----- Exercise input -----

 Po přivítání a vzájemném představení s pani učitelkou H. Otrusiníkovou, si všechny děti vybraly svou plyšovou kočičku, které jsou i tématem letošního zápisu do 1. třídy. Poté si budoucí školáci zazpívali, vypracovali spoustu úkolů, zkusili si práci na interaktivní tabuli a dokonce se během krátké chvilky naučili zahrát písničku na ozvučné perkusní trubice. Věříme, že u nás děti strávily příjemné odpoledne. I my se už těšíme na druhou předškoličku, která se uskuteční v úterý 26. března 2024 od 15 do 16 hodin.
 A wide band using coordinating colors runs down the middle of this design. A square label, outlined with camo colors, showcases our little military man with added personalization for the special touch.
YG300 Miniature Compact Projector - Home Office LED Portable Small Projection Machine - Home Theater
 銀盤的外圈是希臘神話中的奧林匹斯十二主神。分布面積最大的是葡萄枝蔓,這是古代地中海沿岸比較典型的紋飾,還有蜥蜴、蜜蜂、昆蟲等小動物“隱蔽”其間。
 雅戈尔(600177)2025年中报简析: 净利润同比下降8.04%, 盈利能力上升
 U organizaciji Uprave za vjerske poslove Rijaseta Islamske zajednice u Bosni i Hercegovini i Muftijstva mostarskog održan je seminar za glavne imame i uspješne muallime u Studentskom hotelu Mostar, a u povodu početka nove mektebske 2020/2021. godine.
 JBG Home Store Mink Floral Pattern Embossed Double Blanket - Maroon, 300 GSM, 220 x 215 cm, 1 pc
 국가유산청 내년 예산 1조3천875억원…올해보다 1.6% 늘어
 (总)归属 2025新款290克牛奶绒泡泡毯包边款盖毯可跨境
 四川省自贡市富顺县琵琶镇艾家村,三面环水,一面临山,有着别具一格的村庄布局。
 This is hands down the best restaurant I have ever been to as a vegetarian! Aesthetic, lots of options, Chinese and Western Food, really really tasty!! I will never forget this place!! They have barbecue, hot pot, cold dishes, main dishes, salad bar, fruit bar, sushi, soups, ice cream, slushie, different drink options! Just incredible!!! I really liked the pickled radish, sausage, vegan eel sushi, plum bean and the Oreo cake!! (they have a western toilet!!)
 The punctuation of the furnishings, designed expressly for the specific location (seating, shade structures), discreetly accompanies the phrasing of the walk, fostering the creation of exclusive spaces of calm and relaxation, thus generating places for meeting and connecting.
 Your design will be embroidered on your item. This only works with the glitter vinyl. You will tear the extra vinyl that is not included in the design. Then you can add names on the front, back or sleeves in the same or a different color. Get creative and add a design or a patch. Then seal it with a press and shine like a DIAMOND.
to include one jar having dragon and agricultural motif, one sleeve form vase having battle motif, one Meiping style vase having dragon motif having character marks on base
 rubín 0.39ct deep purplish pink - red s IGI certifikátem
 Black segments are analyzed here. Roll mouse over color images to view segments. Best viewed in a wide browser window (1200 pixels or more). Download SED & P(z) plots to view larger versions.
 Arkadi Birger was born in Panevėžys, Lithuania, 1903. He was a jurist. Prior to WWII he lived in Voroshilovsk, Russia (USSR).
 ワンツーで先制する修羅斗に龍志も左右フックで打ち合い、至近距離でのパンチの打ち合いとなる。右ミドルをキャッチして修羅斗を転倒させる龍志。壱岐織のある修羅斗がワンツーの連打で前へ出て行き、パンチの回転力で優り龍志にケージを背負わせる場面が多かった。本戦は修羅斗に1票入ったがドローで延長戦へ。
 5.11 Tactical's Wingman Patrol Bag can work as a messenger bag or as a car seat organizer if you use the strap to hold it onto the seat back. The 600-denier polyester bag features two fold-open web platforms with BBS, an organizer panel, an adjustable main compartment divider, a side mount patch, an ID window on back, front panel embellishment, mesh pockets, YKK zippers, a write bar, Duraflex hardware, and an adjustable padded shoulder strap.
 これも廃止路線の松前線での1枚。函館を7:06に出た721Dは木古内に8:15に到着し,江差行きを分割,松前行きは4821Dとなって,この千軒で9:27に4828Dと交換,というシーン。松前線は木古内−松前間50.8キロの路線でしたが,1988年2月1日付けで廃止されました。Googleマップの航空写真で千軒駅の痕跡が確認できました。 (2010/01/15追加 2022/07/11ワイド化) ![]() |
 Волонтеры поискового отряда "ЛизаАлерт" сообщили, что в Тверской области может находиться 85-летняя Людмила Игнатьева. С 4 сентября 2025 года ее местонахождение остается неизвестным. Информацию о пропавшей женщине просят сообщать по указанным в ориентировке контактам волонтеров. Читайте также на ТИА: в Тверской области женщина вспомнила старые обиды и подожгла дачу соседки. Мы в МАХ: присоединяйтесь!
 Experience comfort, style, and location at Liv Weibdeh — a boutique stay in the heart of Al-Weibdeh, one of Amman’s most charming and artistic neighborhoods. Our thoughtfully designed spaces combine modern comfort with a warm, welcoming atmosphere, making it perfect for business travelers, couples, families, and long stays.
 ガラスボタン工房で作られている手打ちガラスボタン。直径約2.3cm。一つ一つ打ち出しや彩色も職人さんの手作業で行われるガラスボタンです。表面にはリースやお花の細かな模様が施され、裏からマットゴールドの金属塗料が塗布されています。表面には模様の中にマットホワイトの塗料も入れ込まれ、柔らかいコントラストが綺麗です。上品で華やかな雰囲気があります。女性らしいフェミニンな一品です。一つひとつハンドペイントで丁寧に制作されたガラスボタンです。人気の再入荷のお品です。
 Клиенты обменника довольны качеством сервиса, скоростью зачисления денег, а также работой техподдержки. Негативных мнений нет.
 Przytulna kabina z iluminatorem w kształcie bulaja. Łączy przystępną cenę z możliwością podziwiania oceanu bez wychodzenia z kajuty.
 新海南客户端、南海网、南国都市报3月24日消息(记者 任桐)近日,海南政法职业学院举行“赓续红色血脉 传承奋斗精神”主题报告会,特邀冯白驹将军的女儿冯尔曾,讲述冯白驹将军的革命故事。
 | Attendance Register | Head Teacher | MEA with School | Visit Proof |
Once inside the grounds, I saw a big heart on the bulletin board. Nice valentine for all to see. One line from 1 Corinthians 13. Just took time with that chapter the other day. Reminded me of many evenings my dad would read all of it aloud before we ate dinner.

-----

*Exercise brief*: Each line from the one holding "Experience comfort, style, and" through the last line of the data is to be transcribed exactly, with nothing else added.

*Written response*:
 Experience comfort, style, and location at Liv Weibdeh — a boutique stay in the heart of Al-Weibdeh, one of Amman’s most charming and artistic neighborhoods. Our thoughtfully designed spaces combine modern comfort with a warm, welcoming atmosphere, making it perfect for business travelers, couples, families, and long stays.
 ガラスボタン工房で作られている手打ちガラスボタン。直径約2.3cm。一つ一つ打ち出しや彩色も職人さんの手作業で行われるガラスボタンです。表面にはリースやお花の細かな模様が施され、裏からマットゴールドの金属塗料が塗布されています。表面には模様の中にマットホワイトの塗料も入れ込まれ、柔らかいコントラストが綺麗です。上品で華やかな雰囲気があります。女性らしいフェミニンな一品です。一つひとつハンドペイントで丁寧に制作されたガラスボタンです。人気の再入荷のお品です。
 Клиенты обменника довольны качеством сервиса, скоростью зачисления денег, а также работой техподдержки. Негативных мнений нет.
 Przytulna kabina z iluminatorem w kształcie bulaja. Łączy przystępną cenę z możliwością podziwiania oceanu bez wychodzenia z kajuty.
 新海南客户端、南海网、南国都市报3月24日消息(记者 任桐)近日,海南政法职业学院举行“赓续红色血脉 传承奋斗精神”主题报告会,特邀冯白驹将军的女儿冯尔曾,讲述冯白驹将军的革命故事。
 | Attendance Register | Head Teacher | MEA with School | Visit Proof |
Once inside the grounds, I saw a big heart on the bulletin board. Nice valentine for all to see. One line from 1 Corinthians 13. Just took time with that chapter the other day. Reminded me of many evenings my dad would read all of it aloud before we ate dinner.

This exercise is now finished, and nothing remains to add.